More generally: we have $M$ candidate models $H_{1}, \dots, H_{M}$ — different hypothesis classes (linear, quadratic, kernel SVM, …), different regularisers, different $λ$ values, different feature transformations. How do we pick?

Three obvious-looking choices, all wrong:

Pick by smallest $E_{in}$ : always selects the most expressive class, since a richer $H$ can always fit training data better. This is overfitting through the back door — minimising $E_{in}$ over $H_{1} \cup \dots \cup H_{M}$ pays the VC cost of the union, and the most complex member always wins.
Pick by smallest $E_{test}$ : would give an unbiased generalisation guarantee with $O (lo g M / N_{test})$ error, but $D_{test}$ is locked in the boss’s safe — using it for selection would be infeasible and cheating.
Pick by intuition / cross-paper folklore: invisible bias accumulates; not a procedure.

Validation: A Held-Out Slice of Training Data

The fix is structural: split $D$ into a training set $D_{train}$ ( $N - K$ examples) and a validation set $D_{val}$ ( $K$ examples). Train on $D_{train}$ to get $g^{-}$ . Then compute

$E_{val} (g^{-}) = \frac{1}{K} \sum_{x_{n} \in D_{val}} e (g^{-} (x_{n}), y_{n}) .$

Three error types now sit on a spectrum:

	Source	Status
$E_{in}$	$D$	Feasible, contaminated (used for training)
$E_{val}$	$D_{val} \subset D$	Feasible, clean (held out before training)
$E_{test}$	$D_{test}$	Infeasible, clean (locked away)

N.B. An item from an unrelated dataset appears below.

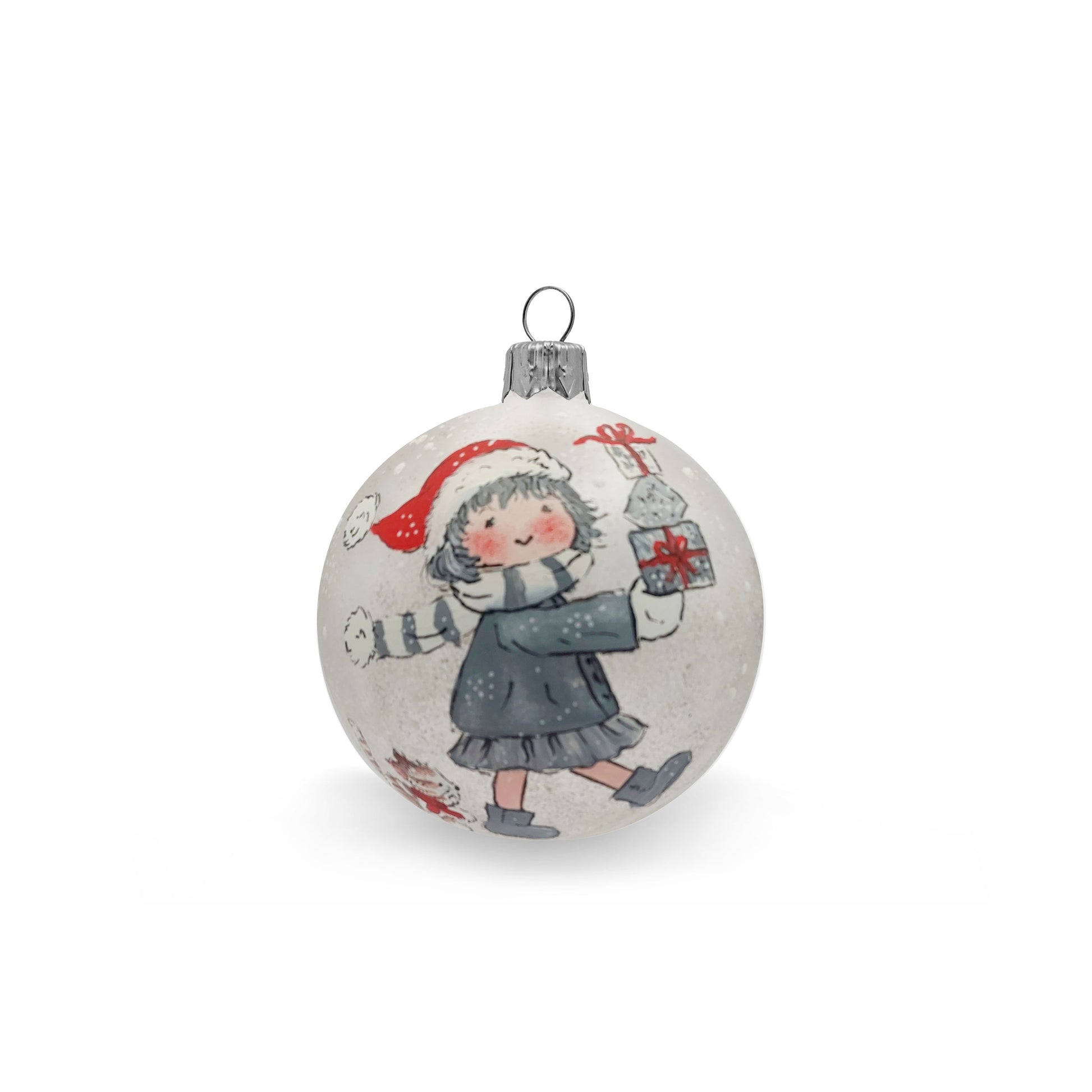 Dipinta a mano, soggetto bambina con pacco regalo.

The validation set is the on-hand simulation of the test set. Discipline is critical: once $D_{val}$ is used to select something, it’s no longer clean for any subsequent decision.

Mean and Variance

Two key statistical properties of $E_{val}$ :

Unbiased. $E_{D_{val}} [E_{val} (g^{-})] = E_{out} (g^{-})$ . The validation error is an unbiased estimate of out-of-sample error. The proof is two lines of linearity-of-expectation, requiring only that $D_{val}$ wasn’t used to train $g^{-}$ .

Variance shrinks as $1/ K$ . For i.i.d. validation samples,

$σ_{val}^{2} = \frac{σ ^{2} ( g ^{-} )}{K} \leq \frac{1}{4 K}$

— the bound saturates when per-example errors are Bernoulli(1/2) (worst case for binary classification, since $p (1 - p) \leq 1/4$ ).

The K Trade-Off

$K$ large is good for the variance bound but bad for the training set:

$E_{out} (g) small K \approx E_{out} (g^{-}) large K \approx E_{val} (g^{-}) .$

Small $K$ : $g^{-}$ trained on nearly $N$ examples is close to $g$ . But $E_{val}$ has high variance — the estimate is noisy.
Large $K$ : $E_{val}$ is precise. But $g^{-}$ trained on $N - K$ examples is much worse than the $g$ you’d actually deploy.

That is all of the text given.